Frequency plot smoothing

Hi,

I’m playing around with augur frequency, and two questions came up:

  1. I was wondering if and how internal nodes and branches are taken into account to calculate frequencies deeper in the tree, where actual tips are not available for frequency estimations. Are both internal nodes and branches taken into account? Is each of these elements counted as one occurrence of that trait being measured?

  2. Is there any other parameter one can change to obtain more accurate frequency curves? By playing with narrow_bandwidth (0.005 - 0.5, picture below), I got distinct smoothed curves. What other parameters could be tuned to get more accurate plots?

Thank you

Hi @andersonbrito!

  1. I was wondering if and how internal nodes and branches are taken into account to calculate frequencies deeper in the tree, where actual tips are not available for frequency estimations. Are both taken into account? Is each of these elements counted as one occurrence of that trait being measured?

Only individual tips contribute to the frequencies calculations. The frequencies shown at any given point in time reflect the sum of tip frequencies at that time. This means the frequencies panel can never show frequency estimates prior to the earliest tip in the tree. If you are interested in more details about how these frequencies are calculated, check out this draft how-to guide on how to calculate change in clade frequencies.

If you use the --include-internal-nodes flag, Augur will calculate the frequency of each internal node in the tree as the sum of its children tips at each timepoint. We don’t use this flag for any Nextstrain builds, but it can be helpful for custom downstream analyses.

  1. Is there any other parameter one can change to obtain more accurate frequency curves? By playing with narrow_bandwidth (0.005 - 0.5, picture below), I got distinct smoothed curves. What other parameters could be tuned to get more accurate plots?

Any of the following parameters will allow you to tune the smoothness of your frequency estimates:

  1. --pivot-interval: the number of discrete time steps between each timepoint that frequencies are estimated. Increasing this value can smooth out the frequency curves by sampling at fewer timepoints.

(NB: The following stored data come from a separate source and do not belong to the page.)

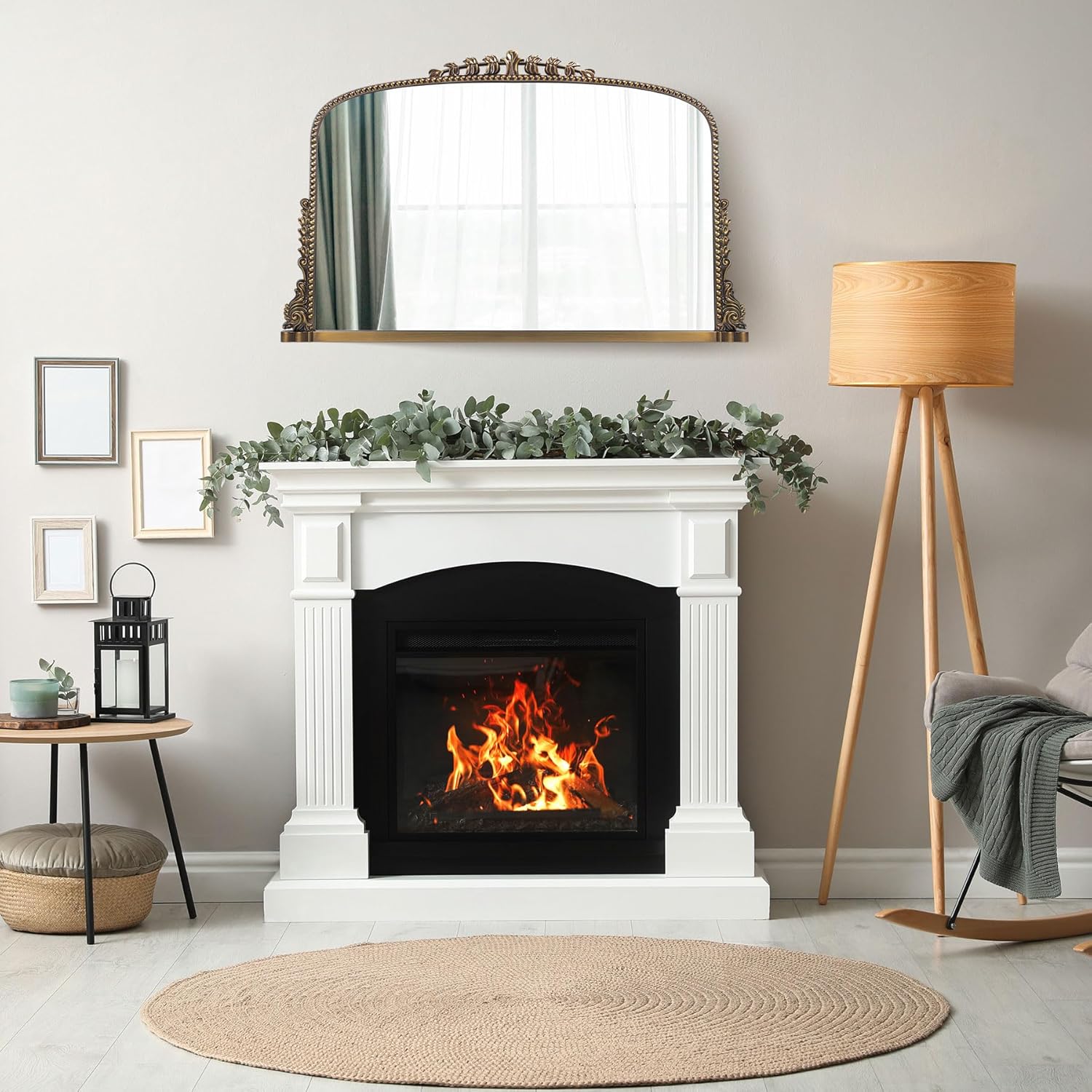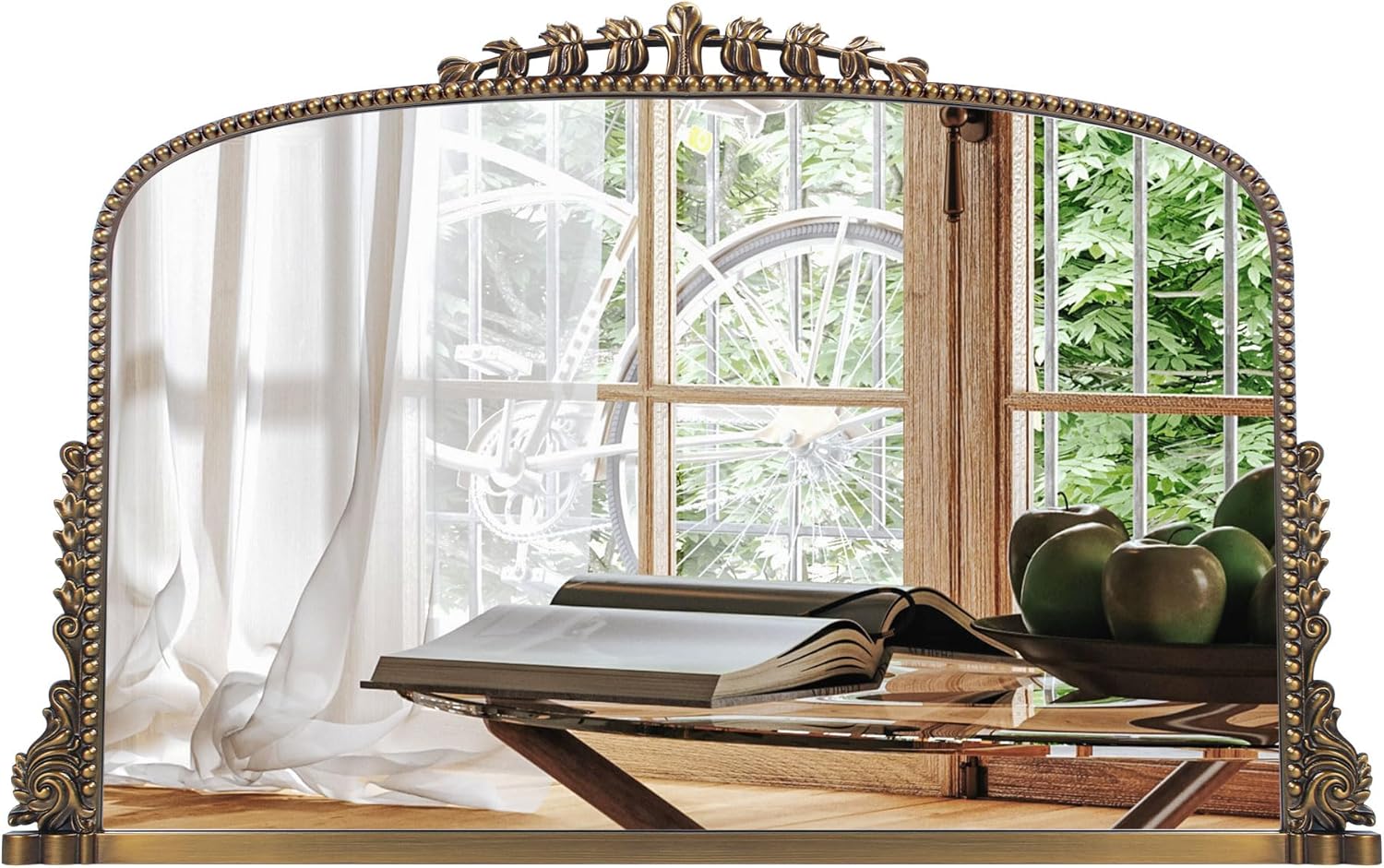 36"x23" Vintage Baroque Mirror - Ornate Antique Brass & Wood Frame, Handcrafted Arched Wall Mirror for Entryway, Living Room, Fireplace Mantel, Bathroom or Hallway Decor
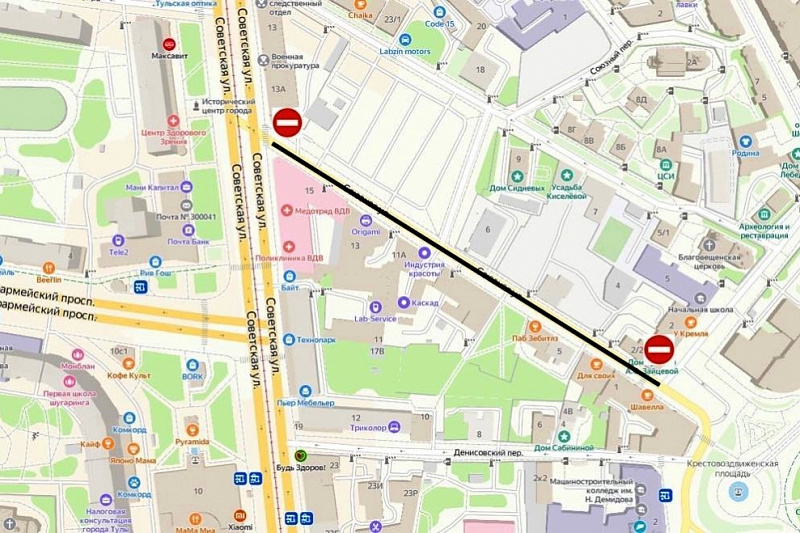 Проезд запрещен на участке от Менделеевской до Благовещенского переулка. Отмечается, что ремонт ливневки будет проведен по всей улице.
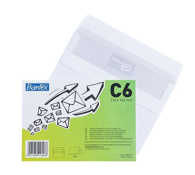 Szczegóły: Koperta Biała Bantex C6 SK, 50 szt. - biała
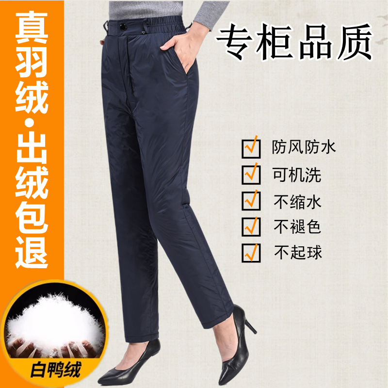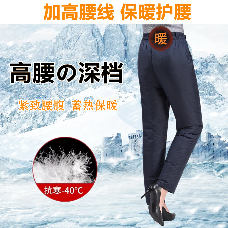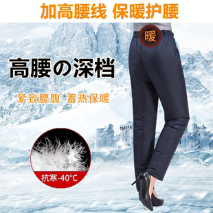 羽绒裤 中老年外穿白鸭绒裤 女高腰加厚防寒保暖棉裤 妈妈裤 大码 冬季
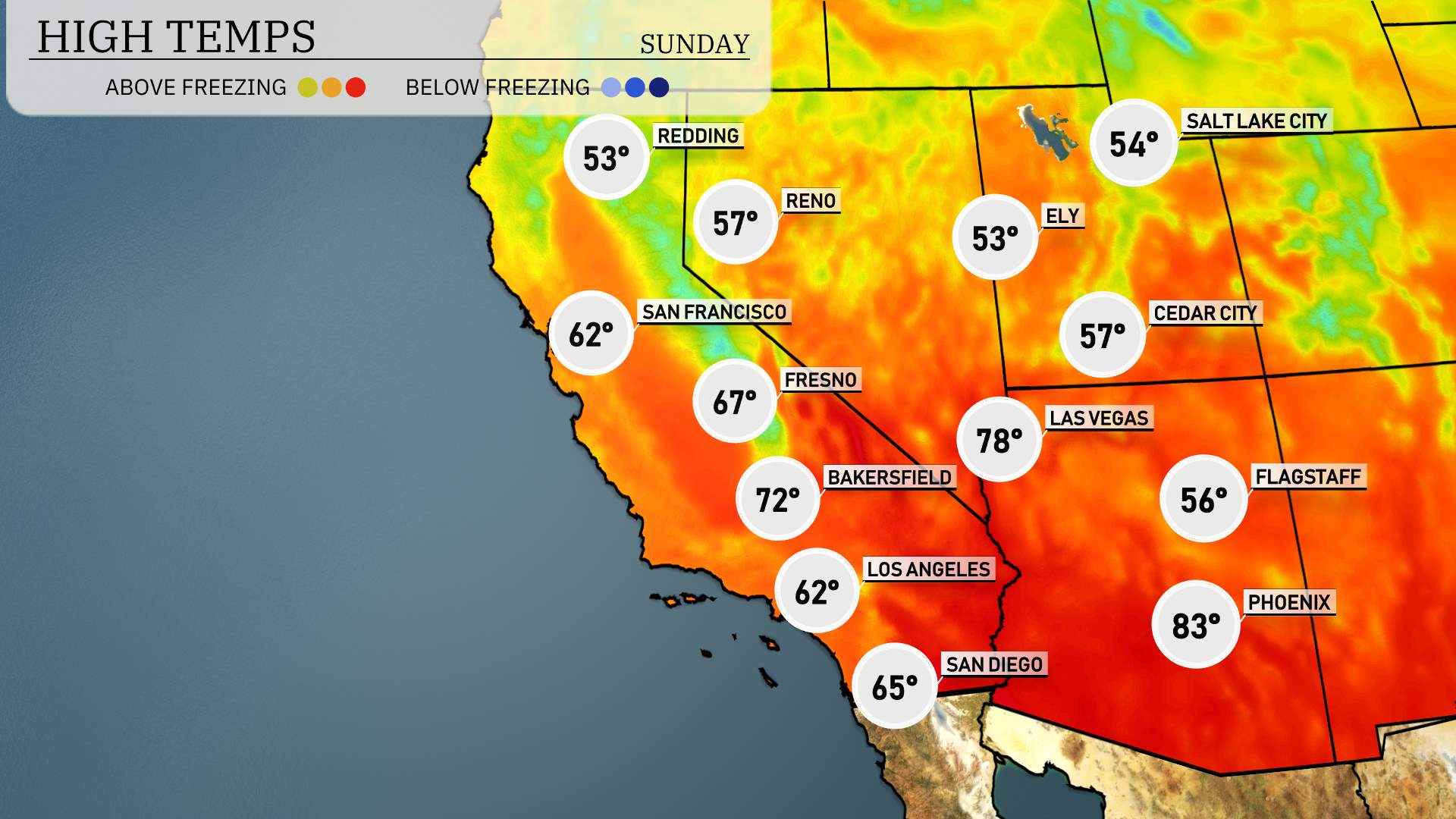 To the west in Los Angeles, expect a high of 62 degrees, which is a bit cooler than usual, while San Diego will be slightly warmer at 65 degrees. Up north in Fresno, temperatures will warm up to 67 degrees, and Bakersfield is set for a high of 72 degrees.

  2. --pivot-interval-units (added in Augur 10.3.0): the units of the pivot interval values above in either “months” or “weeks”. When used with the --pivot-interval argument, this argument allows you to increase or decrease the number of timepoints when you estimate frequencies.

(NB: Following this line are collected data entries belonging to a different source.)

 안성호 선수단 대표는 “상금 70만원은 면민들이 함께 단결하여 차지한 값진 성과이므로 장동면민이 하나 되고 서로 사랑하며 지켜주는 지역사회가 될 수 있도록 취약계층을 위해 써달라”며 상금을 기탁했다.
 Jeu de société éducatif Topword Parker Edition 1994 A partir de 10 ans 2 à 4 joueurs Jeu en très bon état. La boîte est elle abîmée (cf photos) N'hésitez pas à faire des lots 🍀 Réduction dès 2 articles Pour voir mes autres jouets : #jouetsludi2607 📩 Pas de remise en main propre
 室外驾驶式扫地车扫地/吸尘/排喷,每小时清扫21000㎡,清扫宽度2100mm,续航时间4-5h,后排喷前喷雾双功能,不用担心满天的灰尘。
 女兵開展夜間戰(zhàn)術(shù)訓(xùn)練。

  3. --narrow-bandwidth: controls the bandwidth of the initial KDE normal distribution calculated for each tip. Each tip gets a normal distribution and the frequency of all tips at a given time is the value of each tip’s normal distribution at that time normalized to sum to 1. (See the draft how-to guide mentioned above for more details.)

  4. --wide-bandwidth: controls the bandwidth of an optional second KDE normal distribution that is added to the initial distribution by a proportion specified by the --proportion-wide argument. We typically use this second KDE distribution with a wider bandwidth to provide slightly longer tails to the initial normal distribution. We don’t use this argument often, in practice, but it could be helpful for tuning.

  5. --proportion-wide: controls the proportion of the wide (second) KDE distribution that gets added to the narrow (initial) distribution for each tip at each timepoint.

Whether any specific parameters provide “the most accurate” estimate of frequencies is an open question. For influenza A/H3N2 analyses, we’ve tuned these parameters to optimize the accuracy of our forecasting models. For SARS-CoV-2, I think you would need to establish an independent baseline of truth to tune your parameters against.

Hey @jlhudd,
I’ll check those parameters, and read more details in the how-to guide you shared.
Thank you for your thorough answer.

Great!

When I tried looking at the frequencies.json files I didn’t understand anything, but now with your
guide it became very clear, and I could easily compute some tip frequencies for the sequences I am adding dynamically (in javascript) to the tree and add the frequency panel to my app.

Thanks to the “normalize frequencies” button in auspice I don’t really care that my tip frequencies are just some Gaussians with fixed std and mean at the tip date, and that they don’t sum to 1.